A man with glasses appears stressed or sad, holding his phone near a festive Christmas tree, possibly affected by seasonal affective disorder.

Seasonal affective disorder (SAD)
Winter blues
Holiday Depression

If you’ve found yourself dreading the 5 p.m. darkness and are struggling to feel motivated to do everyday life, you’re experiencing what many people wrestle with every winter. With this time of year comes the holiday season, which is supposed to be about connection, joy, and celebration. But for many, it feels more like a slog marked by exhaustion, emotional withdrawal, and a sense of emptiness.

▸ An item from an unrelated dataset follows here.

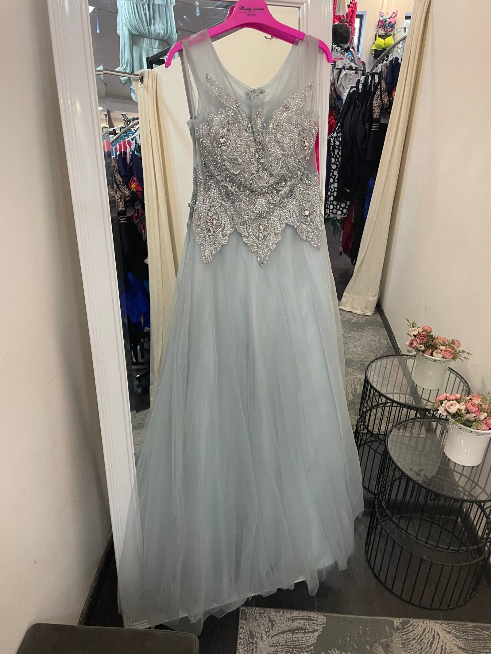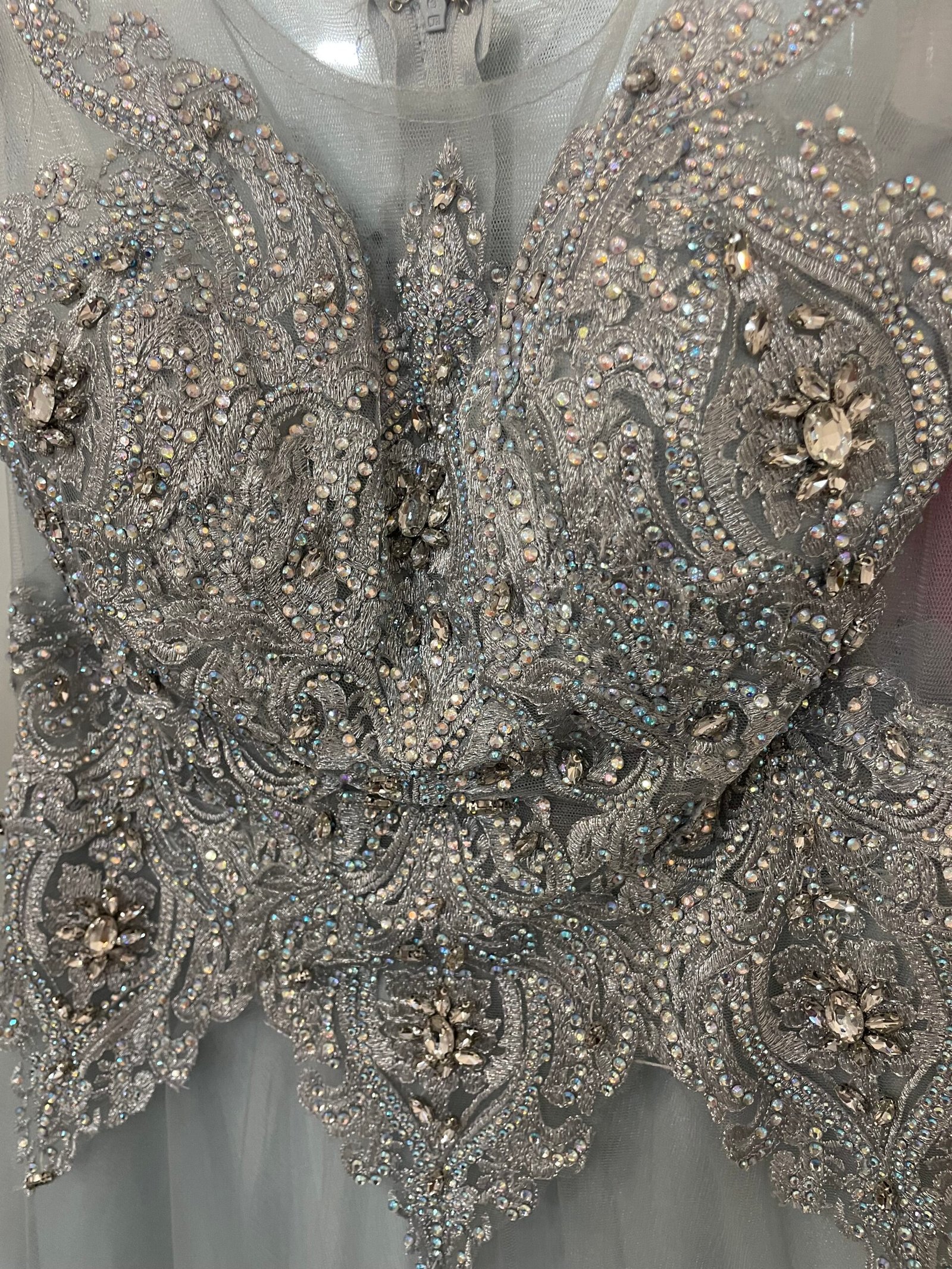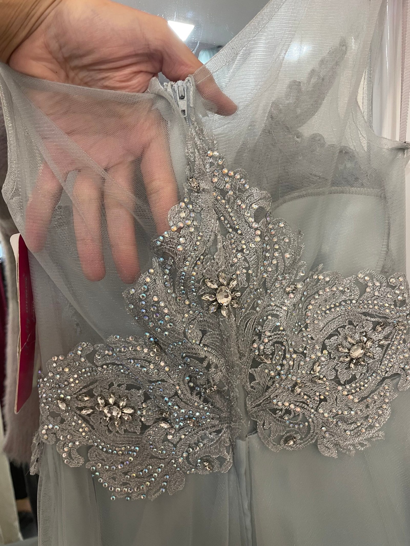 Ši ilga sidabro spalvos suknelė dvelkia rafinuotumu – viršus puoštas įmantriais nėriniais ir žėrinčiais kristalais, kurie subtiliai gaudo šviesą. Tiulinis sijonas lengvai krenta ir suteikia pasakišką lengvumo įspūdį, o nugara užsegama paslėptu užtrauktuku.

Winter can be hard on your mental health, and the cultural pressure to be festive and grateful can make that struggle even heavier. When everyone around you seems to be thriving while you’re struggling emotionally, it’s easy to believe something is fundamentally wrong.

But the truth is more compassionate and nuanced: Your struggle isn’t a personal failing or a lack of willpower or gratitude.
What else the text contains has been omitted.